### RECORDS PROVIDED
+ + +

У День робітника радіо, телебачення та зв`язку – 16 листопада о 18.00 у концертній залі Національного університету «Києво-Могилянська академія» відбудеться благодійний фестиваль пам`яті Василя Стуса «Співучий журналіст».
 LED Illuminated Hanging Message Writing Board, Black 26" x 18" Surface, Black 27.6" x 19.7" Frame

+ + +

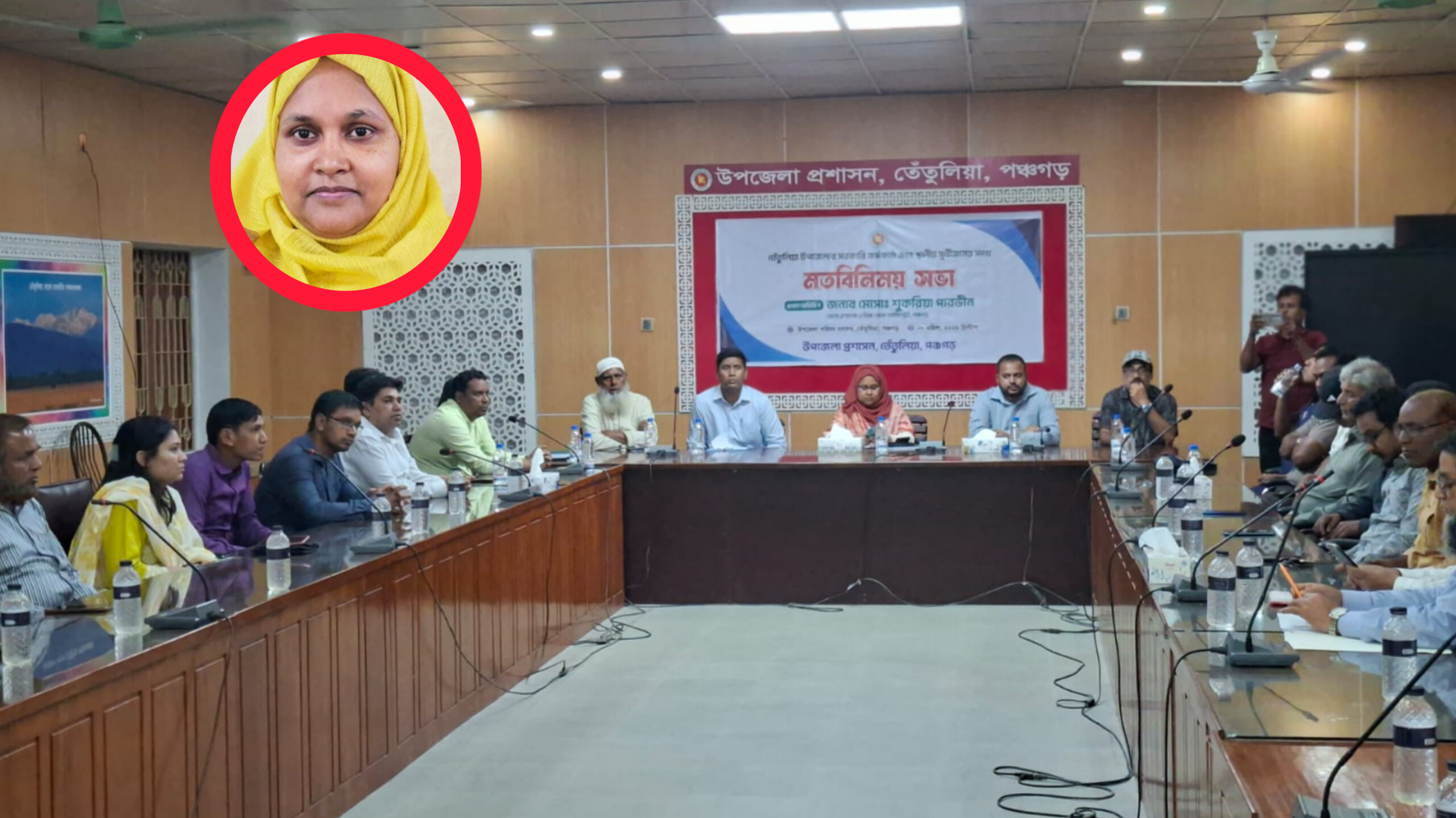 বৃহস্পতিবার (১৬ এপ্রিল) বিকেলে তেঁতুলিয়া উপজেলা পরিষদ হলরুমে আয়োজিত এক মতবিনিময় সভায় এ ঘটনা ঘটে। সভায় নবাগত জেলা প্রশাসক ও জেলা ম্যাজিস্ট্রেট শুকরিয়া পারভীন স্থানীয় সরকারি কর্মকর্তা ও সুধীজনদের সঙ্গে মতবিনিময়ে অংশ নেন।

+ + +

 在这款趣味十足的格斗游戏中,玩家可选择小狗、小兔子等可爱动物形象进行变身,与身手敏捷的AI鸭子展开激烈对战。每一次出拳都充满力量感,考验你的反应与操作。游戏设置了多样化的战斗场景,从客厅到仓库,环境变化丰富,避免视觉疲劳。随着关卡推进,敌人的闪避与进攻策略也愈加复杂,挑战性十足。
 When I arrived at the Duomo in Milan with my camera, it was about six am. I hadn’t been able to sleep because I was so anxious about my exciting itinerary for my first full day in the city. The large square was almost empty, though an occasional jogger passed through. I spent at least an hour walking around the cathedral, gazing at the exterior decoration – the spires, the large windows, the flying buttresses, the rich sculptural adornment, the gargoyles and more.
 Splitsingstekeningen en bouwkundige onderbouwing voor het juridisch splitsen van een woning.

+ + +

### WORK REQUIRED
Your answer should be the lines above, from the line containing "У День робітника" up to and including the line containing "LED Illuminated Hanging", reproduced exactly and with nothing else.

### WRITTEN ANSWER
У День робітника радіо, телебачення та зв`язку – 16 листопада о 18.00 у концертній залі Національного університету «Києво-Могилянська академія» відбудеться благодійний фестиваль пам`яті Василя Стуса «Співучий журналіст».
 LED Illuminated Hanging Message Writing Board, Black 26" x 18" Surface, Black 27.6" x 19.7" Frame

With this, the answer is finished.